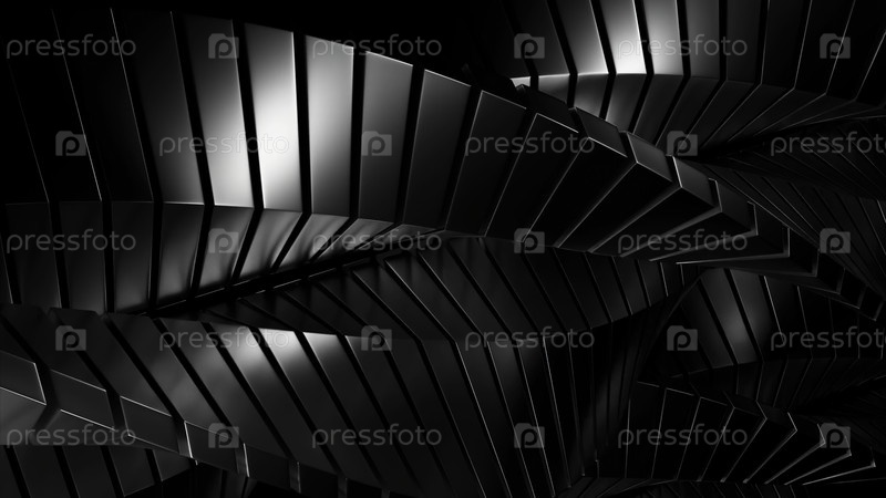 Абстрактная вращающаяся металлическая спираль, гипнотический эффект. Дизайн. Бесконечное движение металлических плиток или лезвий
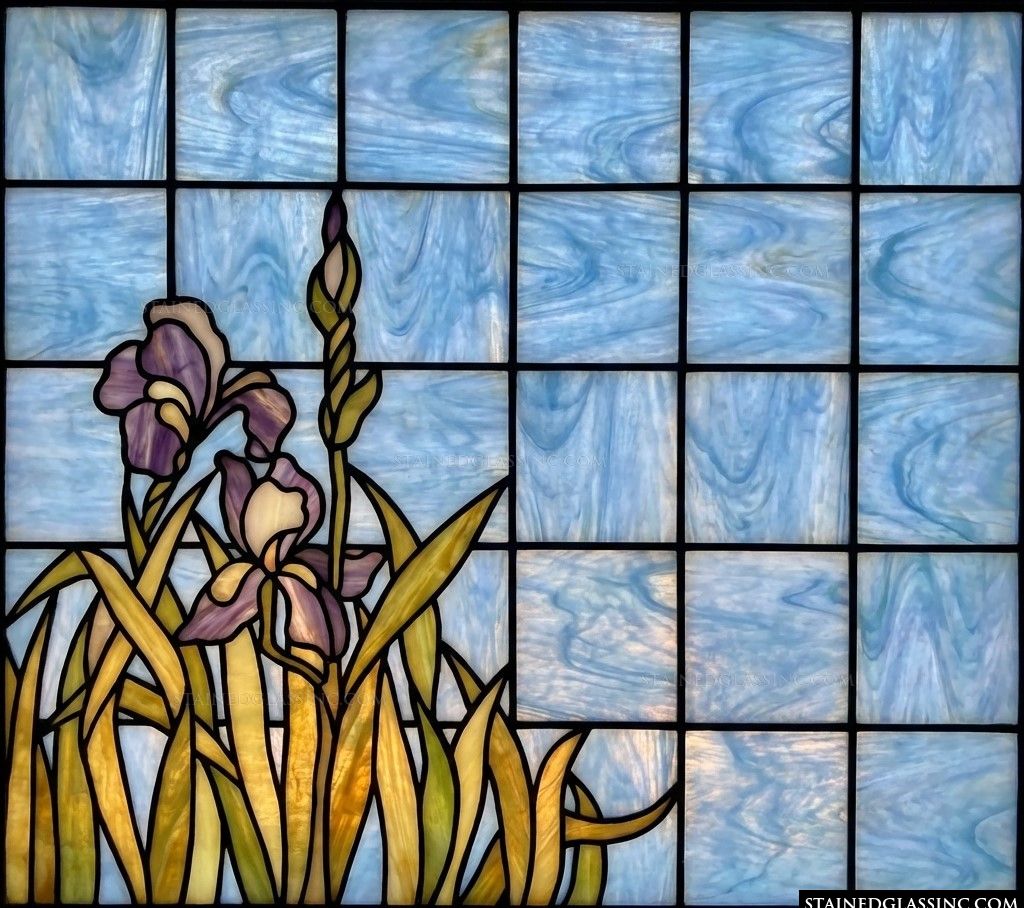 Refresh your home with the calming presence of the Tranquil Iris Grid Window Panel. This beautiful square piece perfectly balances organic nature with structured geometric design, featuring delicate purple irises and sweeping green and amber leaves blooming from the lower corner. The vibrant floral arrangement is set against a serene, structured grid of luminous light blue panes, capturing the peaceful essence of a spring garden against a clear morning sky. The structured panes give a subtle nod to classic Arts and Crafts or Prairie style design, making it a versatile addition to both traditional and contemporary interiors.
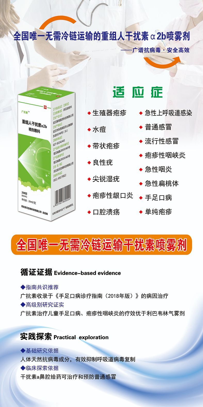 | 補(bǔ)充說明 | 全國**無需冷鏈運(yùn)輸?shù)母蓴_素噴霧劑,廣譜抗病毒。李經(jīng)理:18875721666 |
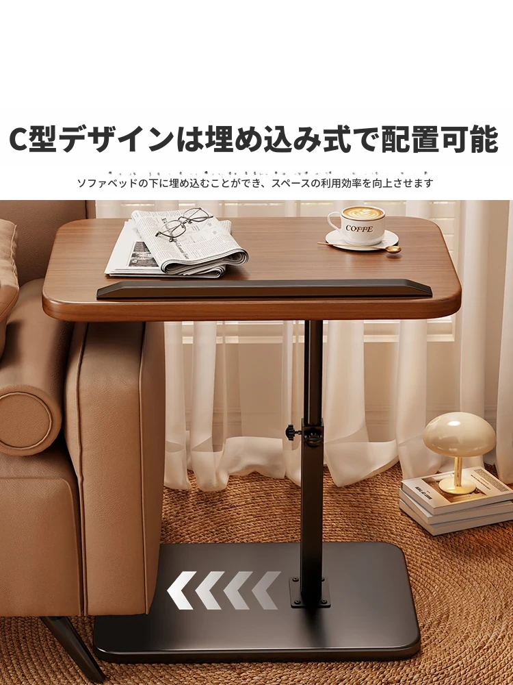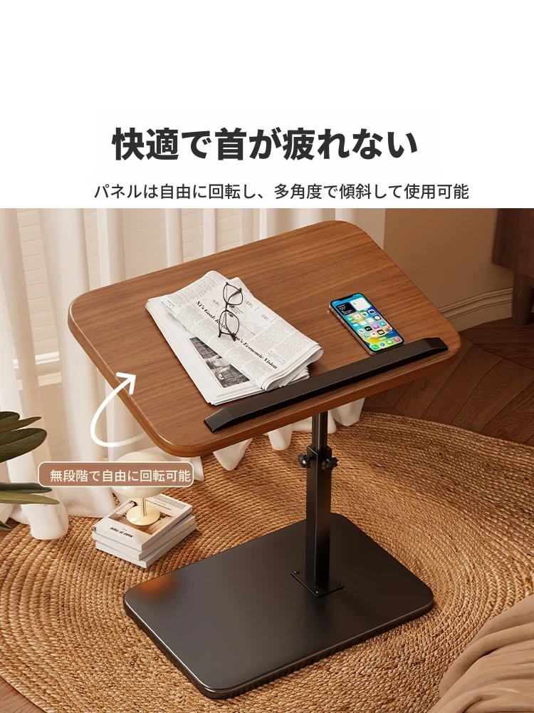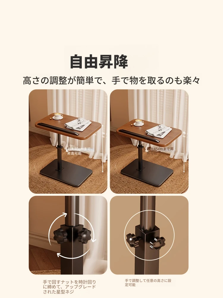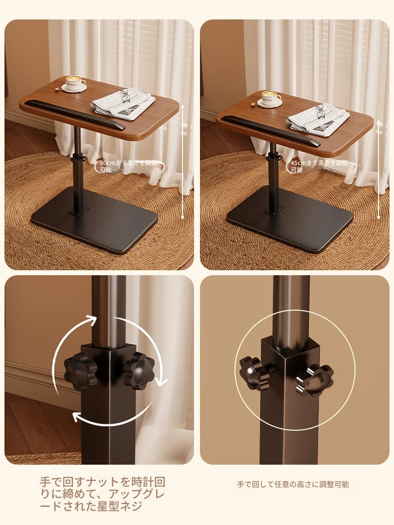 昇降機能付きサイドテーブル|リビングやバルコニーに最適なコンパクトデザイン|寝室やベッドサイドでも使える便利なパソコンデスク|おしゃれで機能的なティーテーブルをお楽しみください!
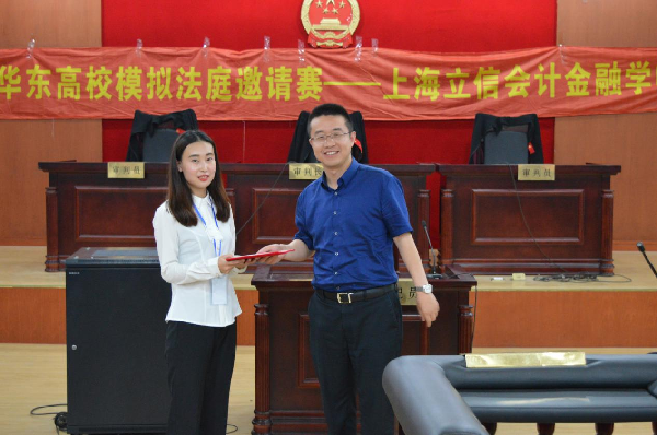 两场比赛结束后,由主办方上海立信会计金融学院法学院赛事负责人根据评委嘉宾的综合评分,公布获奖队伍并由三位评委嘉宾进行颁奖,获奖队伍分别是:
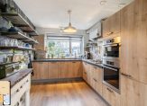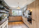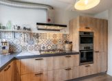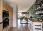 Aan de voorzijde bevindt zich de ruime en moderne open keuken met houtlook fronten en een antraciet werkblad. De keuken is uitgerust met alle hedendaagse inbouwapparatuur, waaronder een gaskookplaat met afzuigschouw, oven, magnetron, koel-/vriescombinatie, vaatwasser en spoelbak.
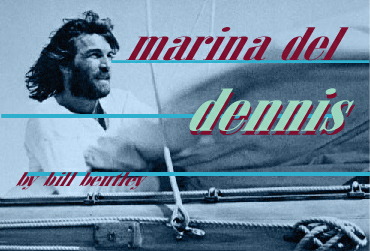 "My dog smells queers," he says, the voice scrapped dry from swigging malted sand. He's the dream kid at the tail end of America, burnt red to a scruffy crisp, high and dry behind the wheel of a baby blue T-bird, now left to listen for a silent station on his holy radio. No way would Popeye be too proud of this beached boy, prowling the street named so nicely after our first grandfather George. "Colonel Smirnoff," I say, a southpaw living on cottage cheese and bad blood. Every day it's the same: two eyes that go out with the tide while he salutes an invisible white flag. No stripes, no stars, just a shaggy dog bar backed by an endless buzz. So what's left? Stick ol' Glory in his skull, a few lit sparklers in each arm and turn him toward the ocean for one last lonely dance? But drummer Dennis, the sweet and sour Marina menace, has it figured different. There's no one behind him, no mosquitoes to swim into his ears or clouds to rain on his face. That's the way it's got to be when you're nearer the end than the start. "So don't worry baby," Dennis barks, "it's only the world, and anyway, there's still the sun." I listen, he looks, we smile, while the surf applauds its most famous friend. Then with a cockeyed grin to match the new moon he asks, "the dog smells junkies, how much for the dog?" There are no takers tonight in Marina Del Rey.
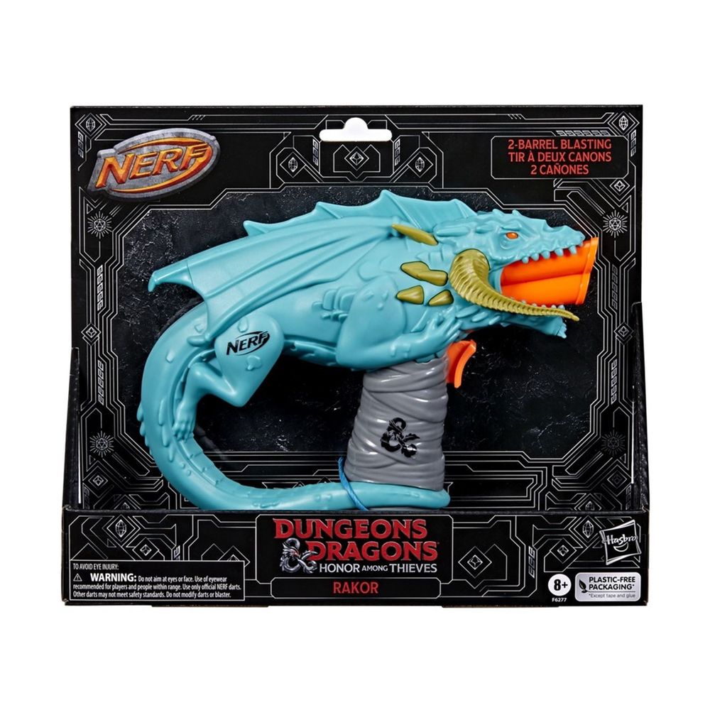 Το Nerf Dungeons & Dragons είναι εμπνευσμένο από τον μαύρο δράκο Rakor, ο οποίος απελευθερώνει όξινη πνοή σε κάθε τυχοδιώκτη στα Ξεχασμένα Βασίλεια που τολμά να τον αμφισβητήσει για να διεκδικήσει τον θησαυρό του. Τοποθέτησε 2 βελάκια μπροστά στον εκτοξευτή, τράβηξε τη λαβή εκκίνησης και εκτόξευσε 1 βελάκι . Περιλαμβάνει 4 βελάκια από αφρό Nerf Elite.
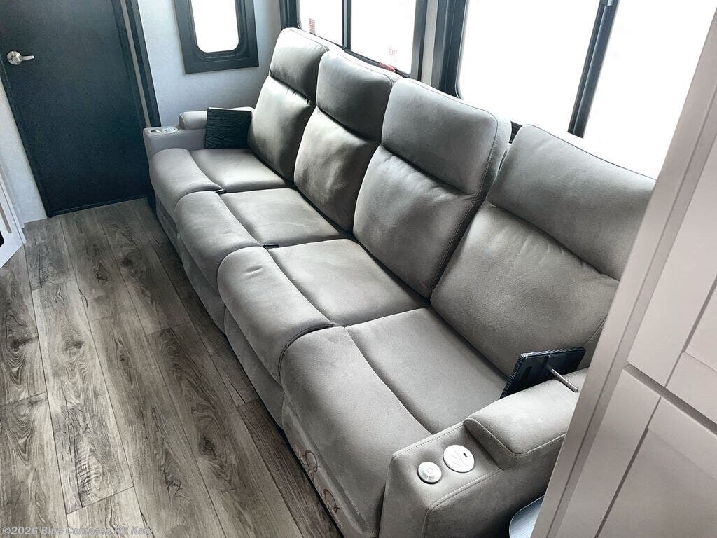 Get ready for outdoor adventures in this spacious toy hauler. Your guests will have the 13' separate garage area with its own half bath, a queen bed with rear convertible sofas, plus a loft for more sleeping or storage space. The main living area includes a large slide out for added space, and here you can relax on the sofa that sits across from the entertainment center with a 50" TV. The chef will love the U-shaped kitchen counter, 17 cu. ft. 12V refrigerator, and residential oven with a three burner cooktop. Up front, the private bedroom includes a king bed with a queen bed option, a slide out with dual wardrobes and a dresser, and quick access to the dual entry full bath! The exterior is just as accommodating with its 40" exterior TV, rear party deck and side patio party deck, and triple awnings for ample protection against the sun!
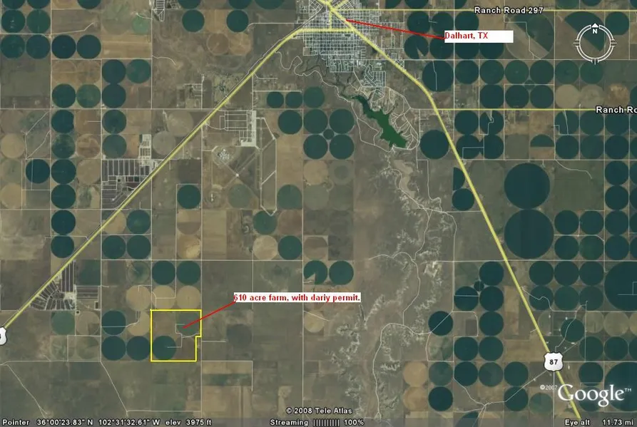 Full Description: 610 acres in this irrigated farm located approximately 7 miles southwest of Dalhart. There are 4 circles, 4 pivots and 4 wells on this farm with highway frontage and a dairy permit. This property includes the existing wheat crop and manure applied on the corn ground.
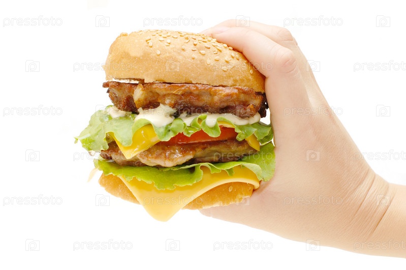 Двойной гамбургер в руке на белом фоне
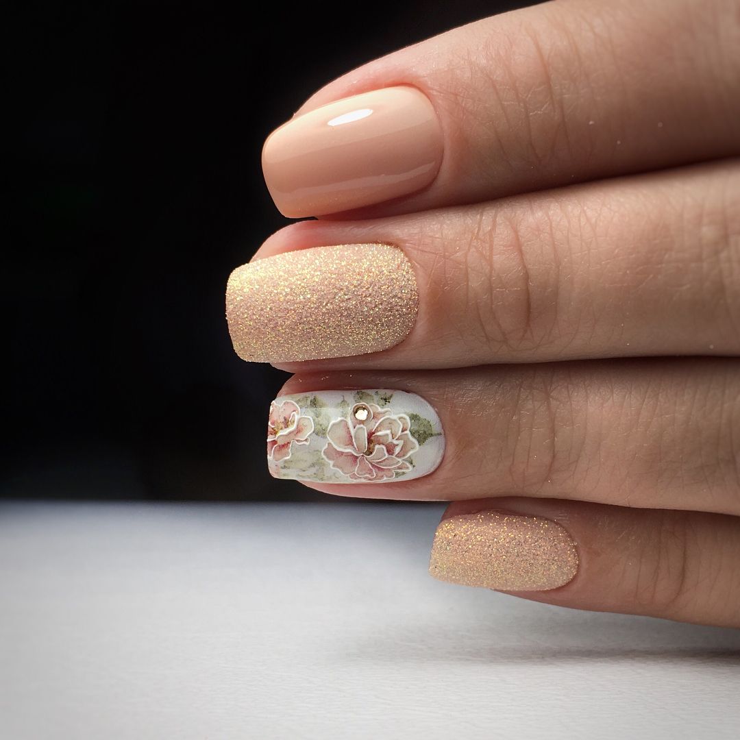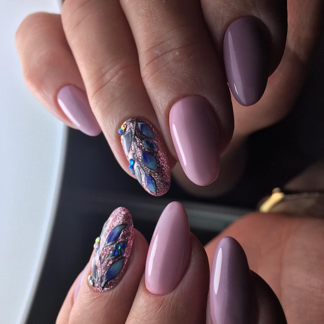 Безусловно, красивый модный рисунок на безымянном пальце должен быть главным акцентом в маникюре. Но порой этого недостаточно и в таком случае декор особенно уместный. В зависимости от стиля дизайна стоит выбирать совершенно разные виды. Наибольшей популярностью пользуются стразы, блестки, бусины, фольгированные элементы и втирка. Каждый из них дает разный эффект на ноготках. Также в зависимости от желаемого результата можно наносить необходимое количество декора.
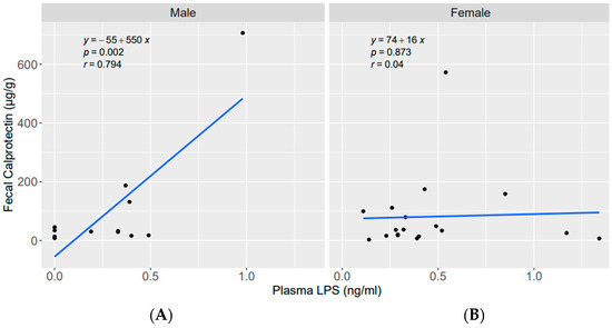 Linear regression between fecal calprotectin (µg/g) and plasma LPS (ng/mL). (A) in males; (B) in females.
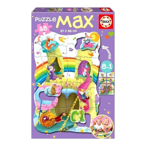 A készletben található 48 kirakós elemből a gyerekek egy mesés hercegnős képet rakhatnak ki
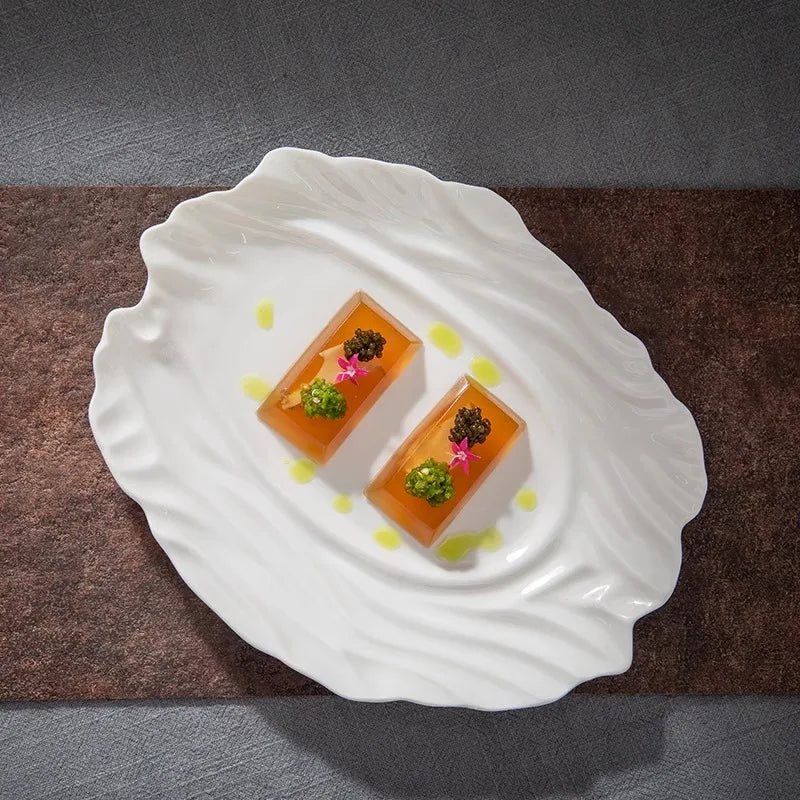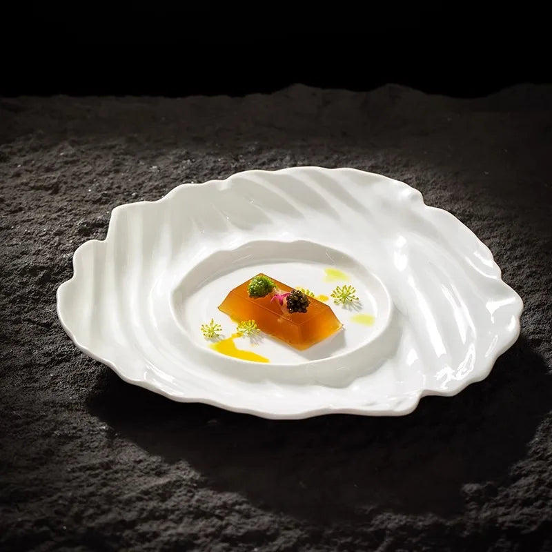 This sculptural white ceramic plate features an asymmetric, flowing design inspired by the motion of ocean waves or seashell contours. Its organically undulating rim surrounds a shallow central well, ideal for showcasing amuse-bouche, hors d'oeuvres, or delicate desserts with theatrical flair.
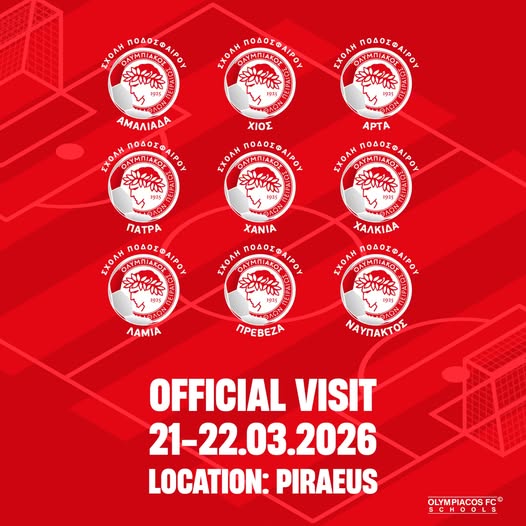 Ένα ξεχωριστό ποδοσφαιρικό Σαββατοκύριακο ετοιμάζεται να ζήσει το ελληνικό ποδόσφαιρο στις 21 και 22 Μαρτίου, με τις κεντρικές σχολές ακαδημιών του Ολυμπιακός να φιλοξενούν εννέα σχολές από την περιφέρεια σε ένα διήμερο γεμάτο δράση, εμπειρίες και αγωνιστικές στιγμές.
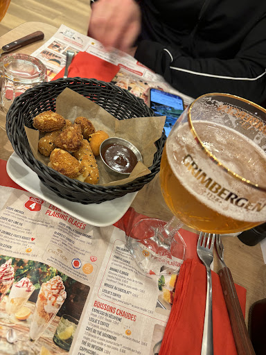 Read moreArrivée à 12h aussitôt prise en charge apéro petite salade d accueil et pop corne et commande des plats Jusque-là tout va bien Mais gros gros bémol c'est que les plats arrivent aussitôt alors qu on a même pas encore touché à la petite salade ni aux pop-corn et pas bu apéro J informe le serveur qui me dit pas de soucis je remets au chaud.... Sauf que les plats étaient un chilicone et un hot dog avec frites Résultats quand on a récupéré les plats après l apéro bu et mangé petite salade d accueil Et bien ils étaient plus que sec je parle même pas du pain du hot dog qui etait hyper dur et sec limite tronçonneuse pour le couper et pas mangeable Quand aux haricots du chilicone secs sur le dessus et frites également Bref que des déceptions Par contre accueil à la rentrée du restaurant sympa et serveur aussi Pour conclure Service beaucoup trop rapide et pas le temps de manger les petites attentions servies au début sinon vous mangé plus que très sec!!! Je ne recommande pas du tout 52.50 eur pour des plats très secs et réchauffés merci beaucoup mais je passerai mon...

=-=-=-=-=

Exercise instructions - Set the pictures aside and reproduce exactly the lines above, from the line holding "昇降機能付きサイドテーブル|" through the line holding "两场比赛结束后,由主办方上海", both included, with nothing else.

Response box -
 昇降機能付きサイドテーブル|リビングやバルコニーに最適なコンパクトデザイン|寝室やベッドサイドでも使える便利なパソコンデスク|おしゃれで機能的なティーテーブルをお楽しみください!
 两场比赛结束后,由主办方上海立信会计金融学院法学院赛事负责人根据评委嘉宾的综合评分,公布获奖队伍并由三位评委嘉宾进行颁奖,获奖队伍分别是:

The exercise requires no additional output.